BEGIN

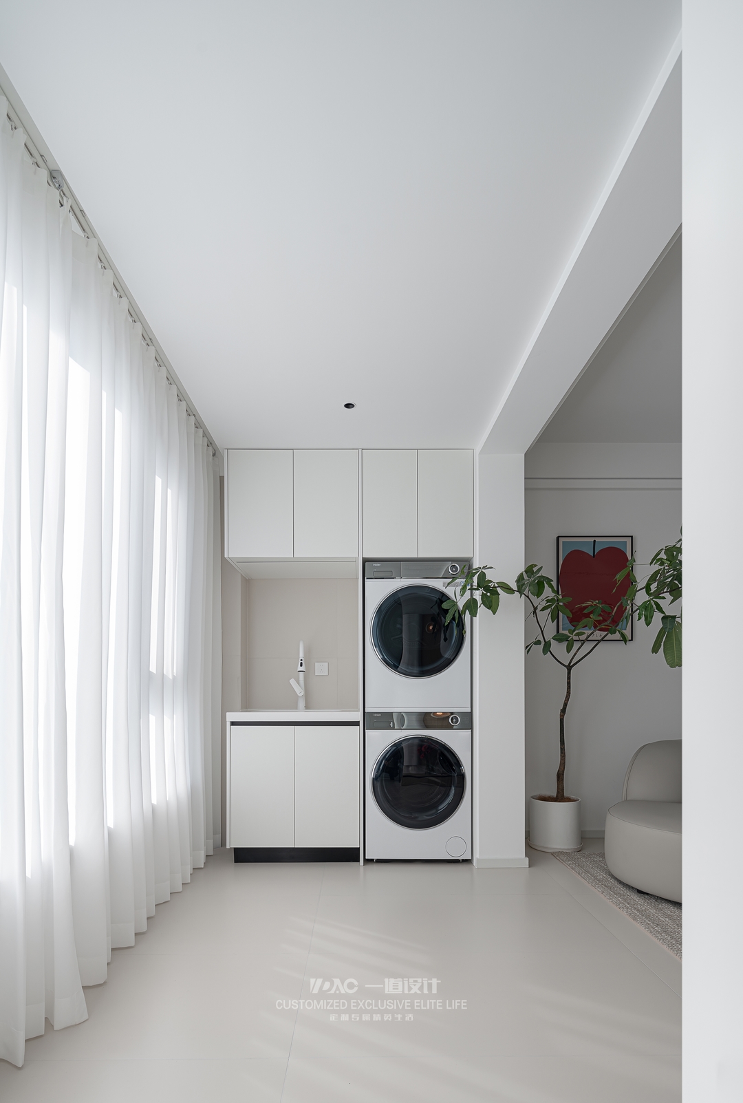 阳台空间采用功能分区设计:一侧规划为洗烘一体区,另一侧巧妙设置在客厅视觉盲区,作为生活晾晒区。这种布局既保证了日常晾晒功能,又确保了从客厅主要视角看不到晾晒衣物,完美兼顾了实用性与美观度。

END
BEGIN

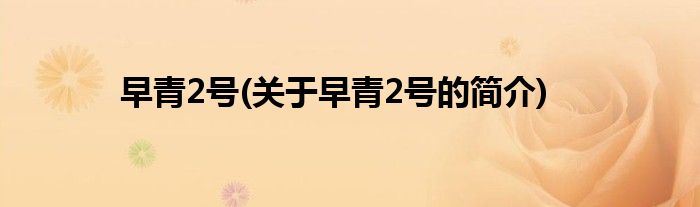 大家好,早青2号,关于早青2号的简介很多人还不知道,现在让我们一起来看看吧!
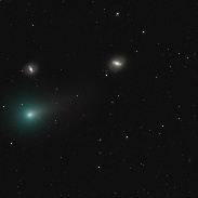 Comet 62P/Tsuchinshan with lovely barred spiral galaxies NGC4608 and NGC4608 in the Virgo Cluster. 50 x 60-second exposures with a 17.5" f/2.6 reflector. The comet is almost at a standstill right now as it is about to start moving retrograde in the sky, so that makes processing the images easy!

END

• **Exercise aim**
Since the pictures are not part of the copy, please transcribe only the lines above from the one with "大家好,早青2号,关于早青2号的简介很多人还不知道,现在让我们一起来看看吧!" through the one with "Comet 62P/Tsuchinshan with", exactly and with both ends.

• **Answer to the exercise**
 大家好,早青2号,关于早青2号的简介很多人还不知道,现在让我们一起来看看吧!
 Comet 62P/Tsuchinshan with lovely barred spiral galaxies NGC4608 and NGC4608 in the Virgo Cluster. 50 x 60-second exposures with a 17.5" f/2.6 reflector. The comet is almost at a standstill right now as it is about to start moving retrograde in the sky, so that makes processing the images easy!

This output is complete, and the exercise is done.